* **Task description**
Without any pictures, print the lines below from the one that has "Οι δημοφιλείς ήρωες" through the one that has "A máquina de", exactly and nothing else.

* **Data for this exercise**
_ _ _ _

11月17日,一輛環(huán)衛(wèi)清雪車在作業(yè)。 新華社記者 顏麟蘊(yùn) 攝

_ _ _ _

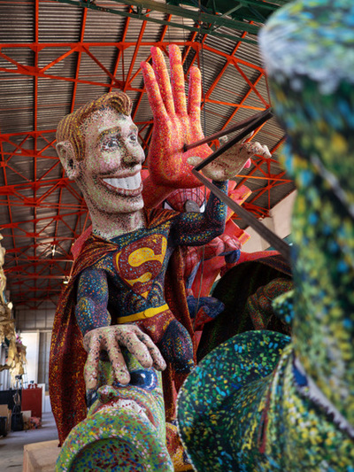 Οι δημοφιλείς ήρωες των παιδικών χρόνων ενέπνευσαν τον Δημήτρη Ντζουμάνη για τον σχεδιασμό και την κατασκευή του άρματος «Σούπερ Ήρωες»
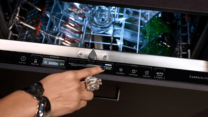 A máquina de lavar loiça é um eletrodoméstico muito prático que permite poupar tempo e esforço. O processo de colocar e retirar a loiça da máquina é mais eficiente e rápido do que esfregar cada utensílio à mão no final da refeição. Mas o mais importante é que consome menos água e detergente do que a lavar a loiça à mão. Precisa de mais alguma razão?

_ _ _ _

* **Answer to the exercise**
 Οι δημοφιλείς ήρωες των παιδικών χρόνων ενέπνευσαν τον Δημήτρη Ντζουμάνη για τον σχεδιασμό και την κατασκευή του άρματος «Σούπερ Ήρωες»
 A máquina de lavar loiça é um eletrodoméstico muito prático que permite poupar tempo e esforço. O processo de colocar e retirar a loiça da máquina é mais eficiente e rápido do que esfregar cada utensílio à mão no final da refeição. Mas o mais importante é que consome menos água e detergente do que a lavar a loiça à mão. Precisa de mais alguma razão?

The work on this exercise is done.